Appreciate the help.
Terje

 

[SammyS]

I can check if AD is perpendicular to ABxAC, by checking if the dot product goes to zero. I was thinking it would leave room for D being in a parallel plane, but AD can't be in a parallel plane cause A already is in the ABC plane. Meaning AB and AD can't both go to zero if D was in a parallel plane. Correct?

Appreciate the help.
Terje

You have some run-on thoughts/questions. Let's separate them somewhat.

I can check if AD is perpendicular to ABxAC, by checking if the dot product goes to zero.

That works provided that the cross product is not zero. ( * More on this at the end of this post.)

I was thinking it would leave room for D being in a parallel plane, but AD can't be in a parallel plane cause A already is in the ABC plane.

I'm not sure what you mean by this. Problem states that all four points lie in the same plane.

Meaning AB and AD can't both go to zero if D was in a parallel plane. Correct?

It's fair to assume that A, B, C, and D are all distinct points.

* Back to the first item above:
What is implied if ##\ \vec{AB}\times\vec{AC} \ ## is zero ?

 

[terhje]

What is implied if →AB×→AC \ \vec{AB}\times\vec{AC} \ is zero ?

That AB or AC or both are zero.

Ill just show you what i got so far, which i think is the correct solution.
Question:
Check if the following points, A(-1,3,4), B(0,5,7), R(0,3,6) and S(1,5,9) are in the same plane.

My solution:
making vectors, AB, AC and AD
AB= i+2j+3k
AC=i+2k
AD=2i+2j+5k
defining the ABC plane normal:
ABxAC = matrix(2,3;0,2)i - matrix(1,3;1,2)j + matrix(1,2;1,0)k
= 4i+j-2k = E

Checking if E*AD= 0.
4*2+1*2-2*5 = 8+2-10 = 0.

A,B,C and D are all in the same planeWhat i ment was that if you have a new vector EF, and EF*E = 0, then EF is perpendicular to E, but it can can still be in a parallel plane.
but since the plane is defined by ABC and AD*E=0, then it must be in the same plane.

Thank you for the help.
Terhje

 

[SammyS]

That AB or AC or both are zero.

No !
If A, B, and C are distinct points, then neither AB or AC will be zero.

What can be concluded if the cross product of two non-zero vectors is zero ?

So, I ask again, what is implied if AB × AC = 0 ?

(I'll address the rest of your post when I get more time. There are inconsistencies and errors in it.)

 

[terhje]

lol. AB x AC = 0 implies that the vectors are parallel! my norwegian mathbook said nothing about it.
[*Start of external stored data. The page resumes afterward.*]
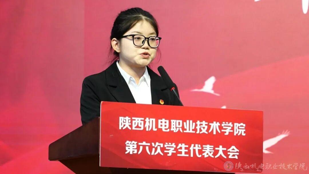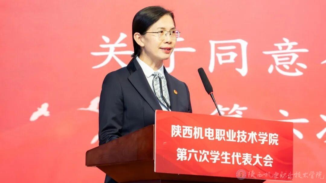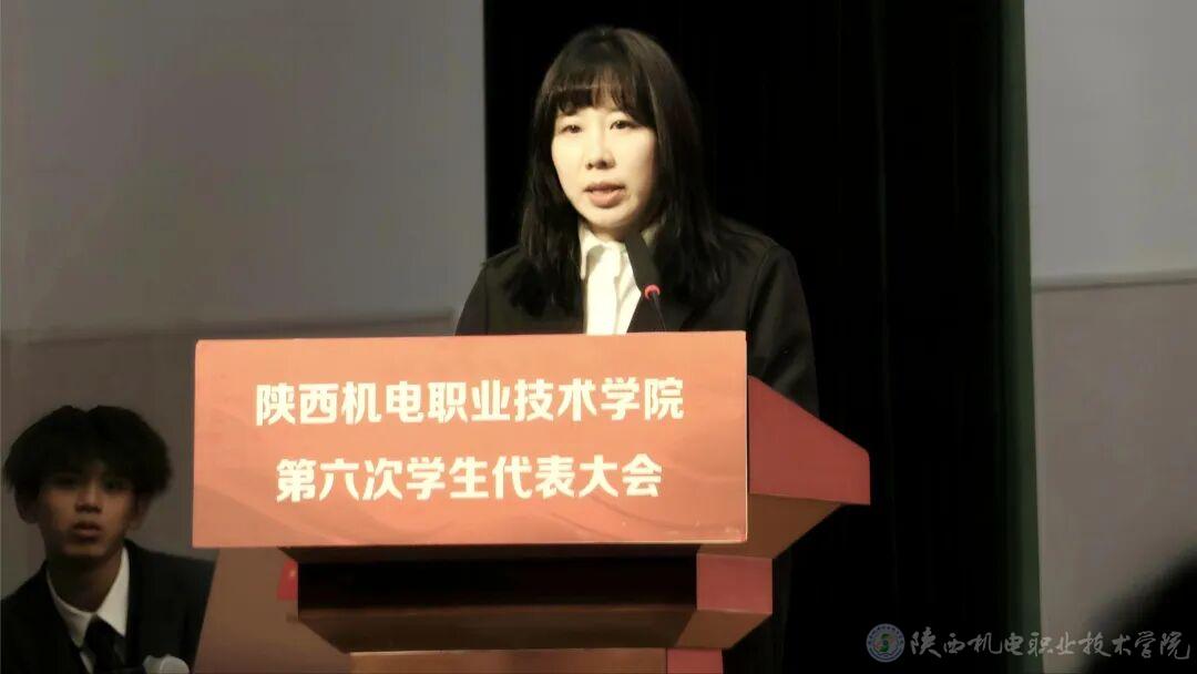 第二項,張琴宣讀《關(guān)于同意召開陜西機(jī)電職業(yè)技術(shù)學(xué)院第六次學(xué)生代表大會的批復(fù)》。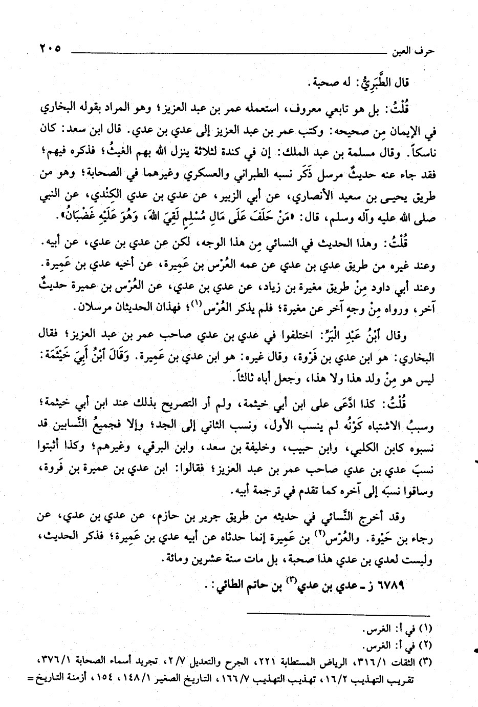 وقد أخرج النّسائي في حديثه من طريق جرير بن حازم، عن عدي بن عدي، عن رجاء بن حيوة. والعرس «٢» بن عميرة إنما حدثاه عن أبيه عدي بن عميرة، فذكر الحديث، وليس لعدي بن عدي هذا صحبة، بل مات سنة عشرين ومائة.
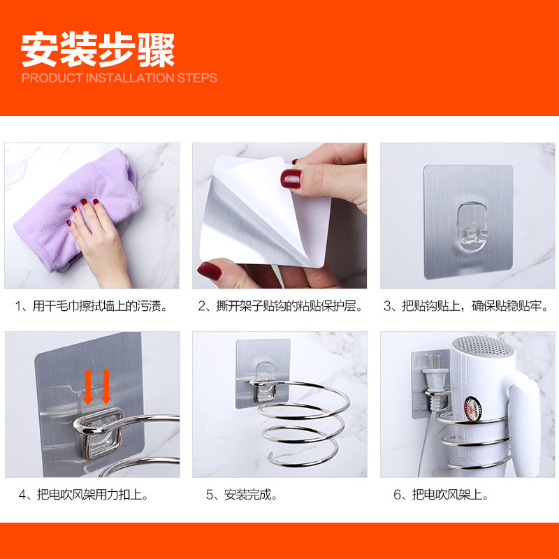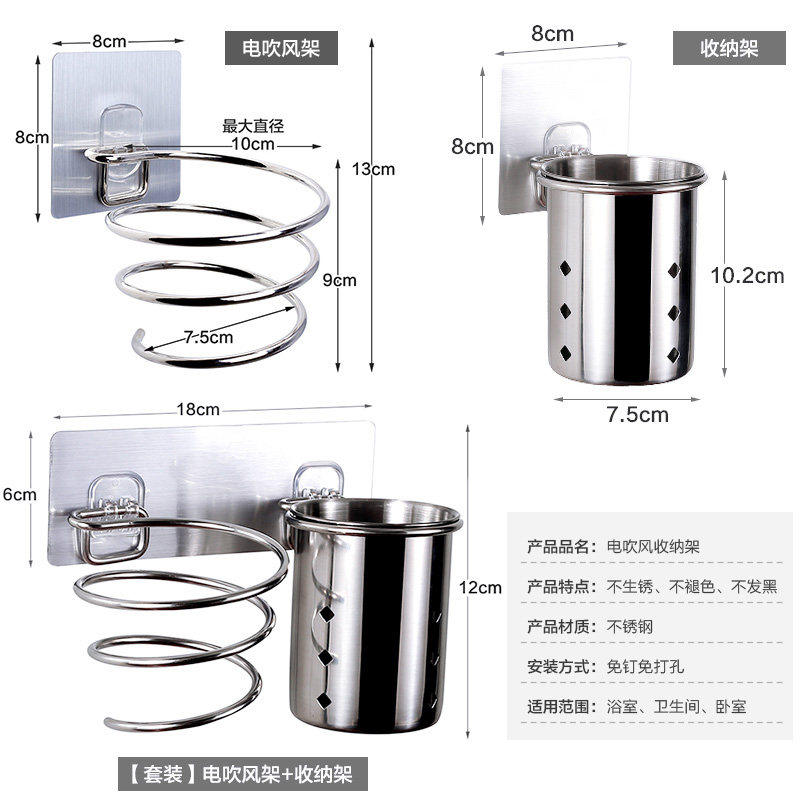 Stainless Steel Hair Dryer Shelf Free Punch Suction Cups Wall-mounted Bathroom Makeup room Bathroom Toilet Hair Dryer Racks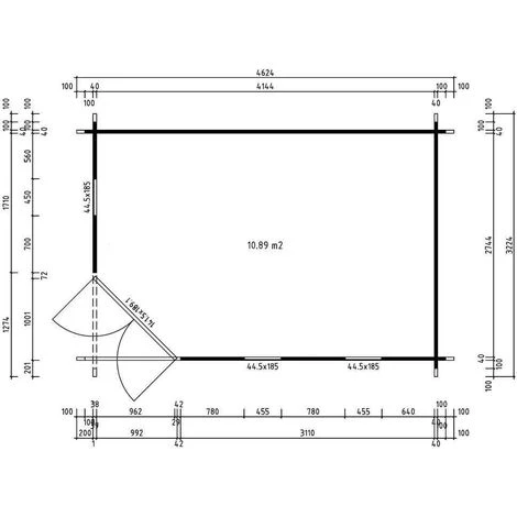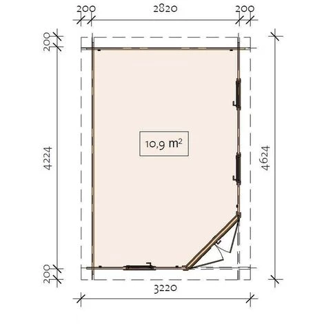 - Dimensions extérieures des madriers : 442 x 302 cm

Had to look in a calculus book i ordered from the states that i haven't had time to go through yet.
fixed some typos.

 

[SammyS]

lol. AB x AC = 0 implies that the vectors are parallel! my norwegian mathbook said nothing about it. Had to look in a calculus book i ordered from the states that i haven't had time to go through yet.
fixed some typos.

Yes. Specifically, the vectors point in the same direction or in opposite directions.

Since these are vectors construed with a point in common, the three points, A, B, and C must be co-linear.
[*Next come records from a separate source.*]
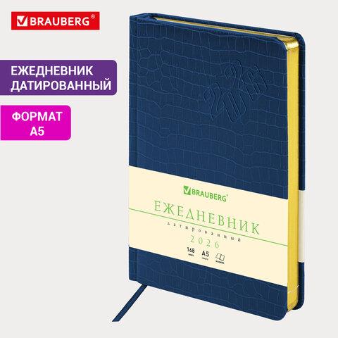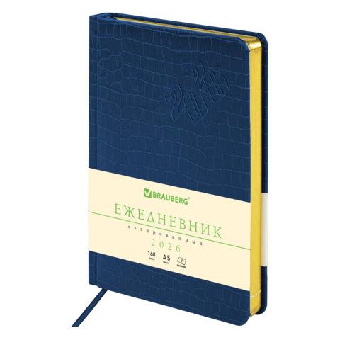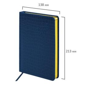 Датированный ежедневник BRAUBERG "Comodo" с обложкой, стилизованной под кожу крокодила, выглядит очень изысканным.Внутренний блок включает 168 листов тонированной бумаги плотностью 70 г/м2. Каждая страничка имеет перфорированный угол. Благодаря стандартному формату А5 (138х213 мм) ежедневник удобно использовать как в офисе, так и на выездных деловых встречах. Материал обложки насыщенного синего цвета подходит для горячего тиснения. Срез ежедневника фольгирован золотой фольгой, что придает ему особый шарм.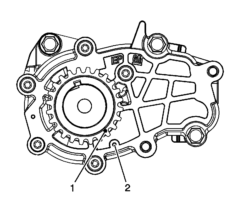3. Ensure the crankshaft is in the stage one timing position with the crankshaft sprocket timing mark (1) aligned to the stage one timing mark on the oil pump cover (2) using the EN 46111. Refer to Camshaft Timing Drive Chain Alignment Diagram (Second Design) - Stage One.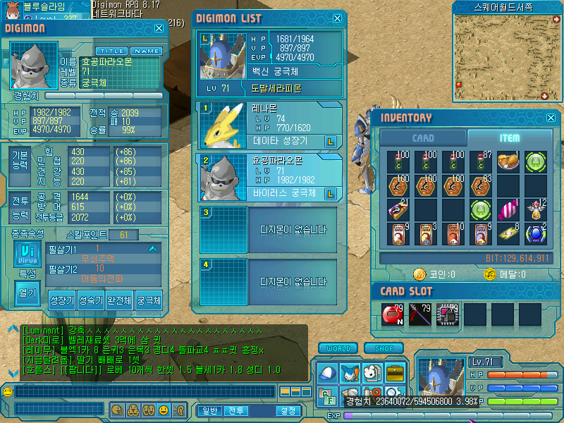 어우... 71렙까지 찍는데 토나옵니다. 그래도 세라피몬,메탈에테몬 둘 다 71렙 찍었습니다!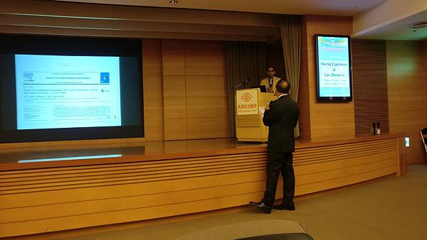 Dr Parit(圖後)在論壇上發表個案報告,由陳國鼎醫師(圖前)主持

In this case, what can you say about the four points?

 

[SammyS]

Ill just show you what i got so far, which i think is the correct solution.
Question:
Check if the following points, A(-1,3,4), B(0,5,7), R(0,3,6) and S(1,5,9) are in the same plane.
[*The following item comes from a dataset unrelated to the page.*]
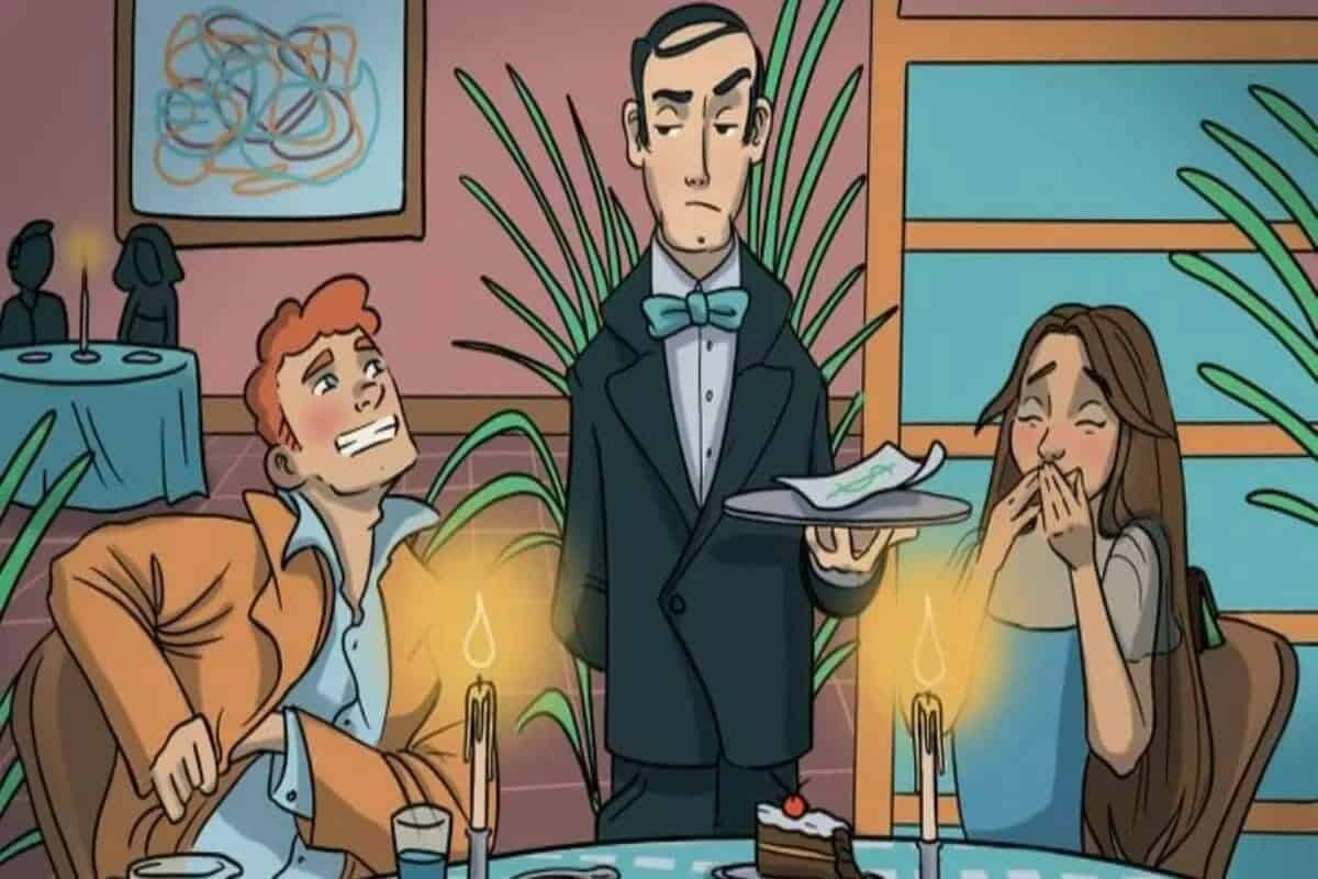 في هذا الوهم البصري، رجل وسيدة يقضيان موعدهما في المطعم.

In the following, you use the coordinates of R and S as coordinates of points C and D respectively.

My solution:
making vectors, AB, AC and AD
AB= i+2j+3k
AC=i+2k
AD=2i+2j+5k
defining the ABC plane normal:
ABxAC = matrix(2,3;0,2)i - matrix(1,3;1,2)j + matrix(1,2;1,0)k
= 4i+j-2k = E

Those should actually determinants of those matrices:

AB×AC = det(matrix(2,3;0,2))i - det(matrix(1,3;1,2))j + det(matrix(1,2;1,0))k​

Then you use E as a vector. That's perfectly acceptable as is what follows, up to the following.

What i meant was that if you have a new vector EF, and EF*E = 0, then EF is perpendicular to E, but it can can still be in a parallel plane.
but since the plane is defined by ABC and AD*E=0, then it must be in the same plane.

You have a vector called EF, which presumably is constricted from two new points, E and F. However, you are previously using E as the normal vector. Don't now also use E to refer to a point.

Even if you fix this double use of E, it's not clear what you mean.